Thanks for all your ideas guys! I have decided. Actually, there are 3 that I'm contemplating.

1. The difference between a horse and pony's heart rate

2. Can horses distinguish color?

and 

3. Which form of praise best motivates a horse to learn: food or love?

Y'all can tell me which one sounds the best. If you want to tell me something to tweak the experiment slightly, that's cool, but I'd like to choose between these three.


----------



## amightytarzan5

Thanks for all your ideas guys! I have decided. Actually, there are 3 that I'm contemplating.

1. The difference between a horse and pony's heart rate

2. Can horses distinguish color?

and 

3. Which form of praise best motivates a horse to learn: food or love?

Y'all can tell me which one sounds the best. If you want to tell me something to tweak the experiment slightly, that's cool, but I'd like to choose between these three.


----------



## claireauriga

Number one, absolutely, _if_ you make your conclusion more than just 'horses have faster heartbeats'. You have to think about why and offer explanations and interpretations.

The second one is difficult to actually set up in any kind of reliable fashion and the third one would just have an evaluation made up of 'results are unreliable because ...'


----------



## amightytarzan5

With all due respect, I'm not trying to make some huge scientific discovery here. I'm just trying to get a good grade. 

I also have another idea: Does breed affect a horse's capacity to learn?
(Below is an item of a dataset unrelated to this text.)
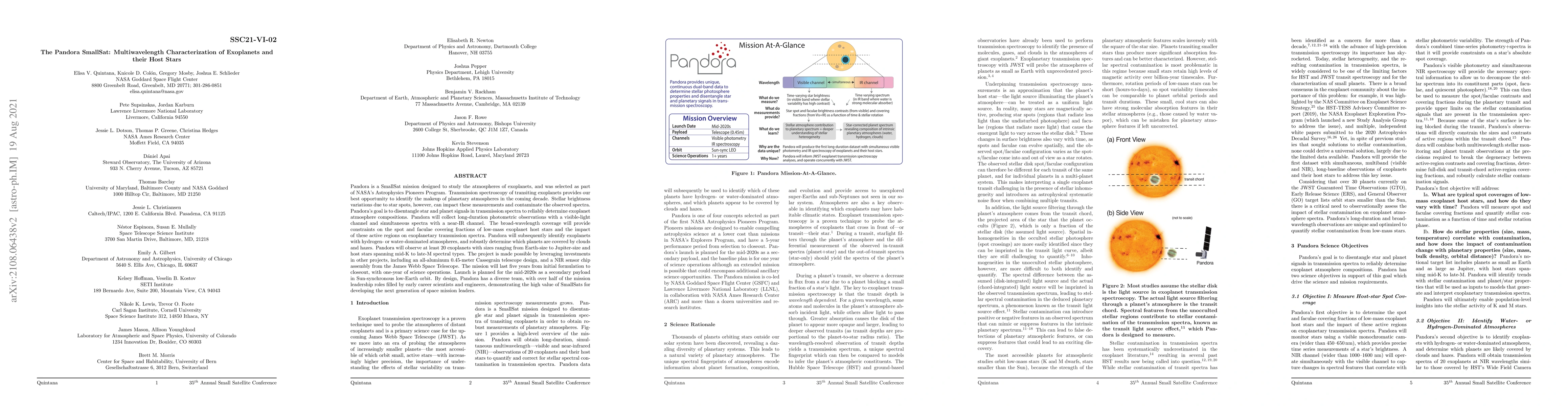 Pandora SmallSat aims to study exoplanet atmospheres using multiwavelength transmission spectroscopy, focusing on disentangling stellar and planetary signals to accurately determine atmospheric compositions. The mission will observe at least 20 exoplanets, leveraging existing telescope and sensor technology, and is planned for launch in the mid-2020s.

Or something like that.


----------



## Dumas'_Grrrl

I hope I'm not pushing the vision thing too hard but that's why I suggested it. 1) it' s interesting 2) Not many folks realize how differently a horse sees 3) the graphs would be outstanding which usually = a good grade. 

Not only did I have to do this in school, but I have made 3 projects with my kids in the past 2 years  

You don't want something so complicated that no one understands it, and you don't want something really boring either. 
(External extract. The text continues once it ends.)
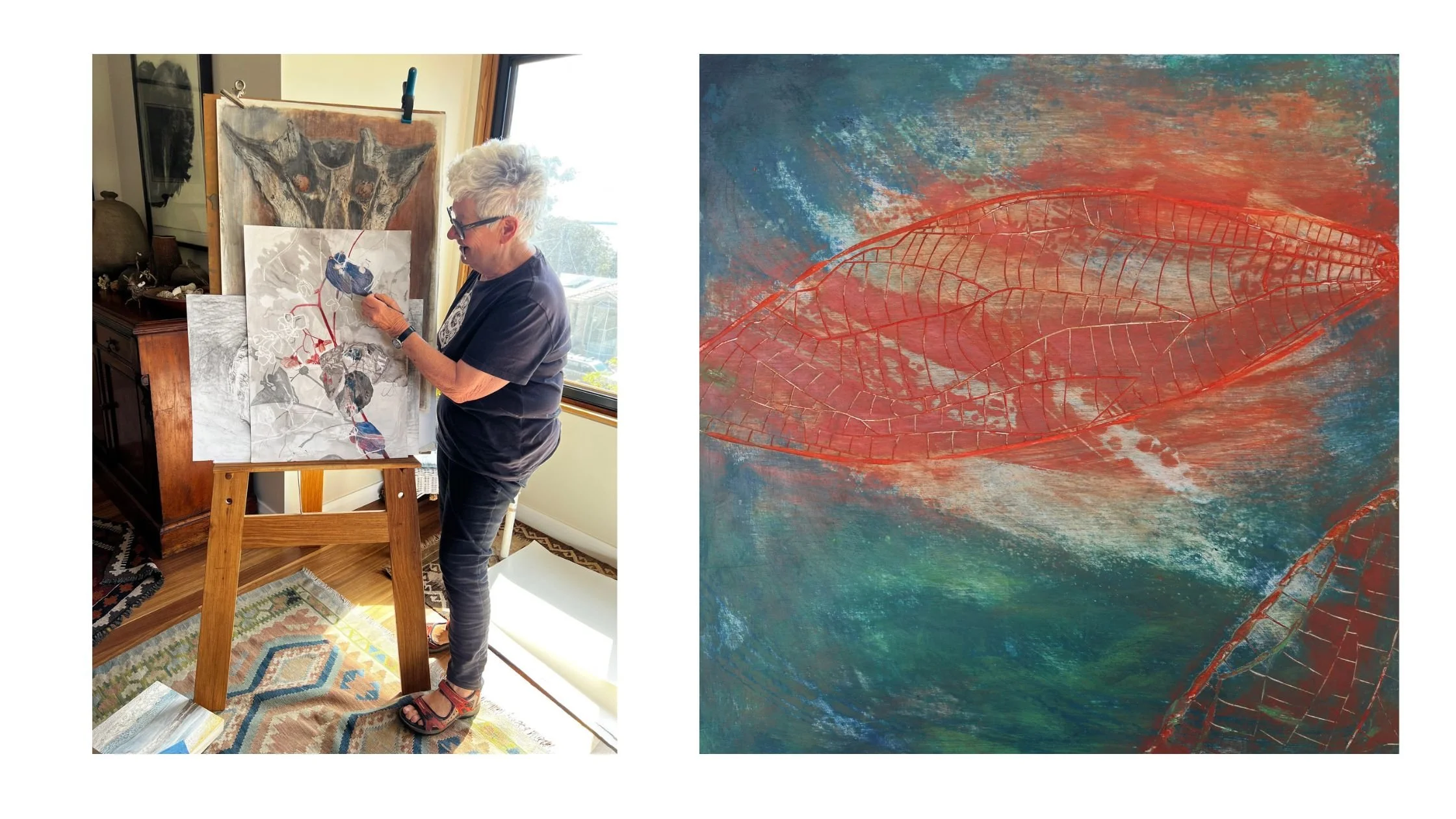 Left: Judy Panucci in studio. Right: Cicada; summer child

Plus you don't want to work super duper extra hard when it's not necessary....****.....I'm not suggeting you be lazy but I know how the school work piles up when you have a project like this.

Whatever you choose I wish you good luck and at least a B+ :wink:


----------



## claireauriga

But surely a good grade requires some reasonably decent science?  The main issue with something to do with learning is that you simply have way too many variables. Make a list of all the things that could affect a horse's capacity to learn - I'll get you started:

- age
- breed
- prior handling and treatment
- spookiness of horse
- horse's own particular talents

There's lots more. Are you able to keep _every single variable_ constant apart from the one you want to change? No way, not unless you somehow have access to the entire horse population of America or can raise a herd yourself and have the appropriate controls.

Something like the heart rate you can control far better, making sure that the horses have had the same amount of exercise that day, acknowledging varying levels of fitness in your evaluation, and so on.


----------



## amightytarzan5

I'll decide on what I can do once I get the information back from the people that own the barn where I ride. I am going to use their horses and ponies.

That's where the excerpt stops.